The aim of this study was to estimate the prevalence of TMD in patients with craniocervical dystonia.

METHOD

Study population

This study was approved by the Internal Review Board of our institution, and all patients signed an informed consent form. Thus, the study was conducted in accordance with the ethical standards laid down in the 1964 Declaration of Helsinki. We included 42 individuals with craniocervical dystonia (26 females) through regular follow-up visits to the Movement Disorders Clinic at the University Hospital at UNICAMP. The patients' mean age was 56.1 years (range: 28-86; SD=16.8) and the mean duration of the disease was 15.1 years (range: 3-49; SD=9.4). The patients' diagnoses of dystonia had been established by a movement disorder specialist, and all of them were under treatment with botulinum toxin injections. Five patients presented secondary dystonia (four due to neuroleptics and one due to encephalitis), and all the others had primary dystonia. We did not include any patients with isolated blepharospasm or isolated laryngeal dystonia in this evaluation. The patients' diagnoses and dystonia location are presented in Table.

Clinical evaluation

All the patients underwent a standardized protocol (The Research Diagnostic Criteria for TMD, RDC/TMD, Axis I)8, applied by a trained dentist who was a specialist in TMD. The protocol consisted of an interview and systematic evaluation of mandibular range of motion, joint sounds, joint and muscle pain on palpation, and pain on unassisted and assisted mandibular opening.

To calculate the patients' mandibular range of motion, we measured the maximum opening from a central maxillary incisor to the opposing mandibular incisor. We then measured lateral movements relative to the maxillary midline with the teeth slightly separated. Jaw mobility was rated as normal when the maximum interincisal opening was >40 mm and the maximum laterotrusive movement was >7 mm. When at least one of these measurements was lower than the normal values, it was defined as impaired.

We evaluated patients' TMJ pain on palpation through bilateral manual palpation of the lateral aspect of the condyle. TMJ pain during unassisted mandibular opening was assessed by asking patients to perform maximum voluntary jaw opening. We performed assisted mandibular opening by applying force to each patient's lower and upper incisors with the middle fingers and thumbs. Muscle pain was assessed by bilateral manual palpation of the anterior, posterior and middle temporalis muscle; the tendon of temporalis; the superficial and deep masseters; the lateral pterygoid muscle; the anterior and posterior digastric muscles; and the cervical muscles.

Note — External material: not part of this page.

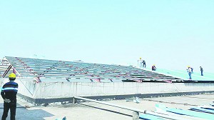 昨日,城西街道某饰品厂内迎来了一批“不速之客”。他们中既有头戴安全帽的施工人员,也有身穿工作服的执法人员。在做好相关准备工作后,施工人员开始登上厂区内的一彩钢棚顶部,对其进行有序拆除。

We evaluated bruxism by means of a standardized interview. The patients were asked about grinding or clenching of the teeth, and they were examined intraorally to revealed any incisal and/or occlusal wear on the teeth.

We did not address secondary dental problems caused by TMD, in this evaluation. The patients were evaluated on the day scheduled for botulinum toxin application, prior to injection.

Statistical analysis

We used the Systat 9.0 for Windows software package (SPSS, Inc., Chicago, Illinois, USA). We calculated the mean, range and standard deviation to describe continuous variables. Comparisons between groups were done by means of the t-test and Fisher's exact test. The significance level was established at p<0.05.

RESULTS

Twenty-two patients (52.3%) reported TMJ pain, while 24 (57.1%) had joint sounds, 20 (47.6%) reported masticatory muscle pain and 21 (50%) presented diminished jaw mobility. The TMD diagnosis based on RDC/TMD was: disc displacement (n=23), myofacial pain (n=20), arthralgia (n=23) and arthrosis (n=1).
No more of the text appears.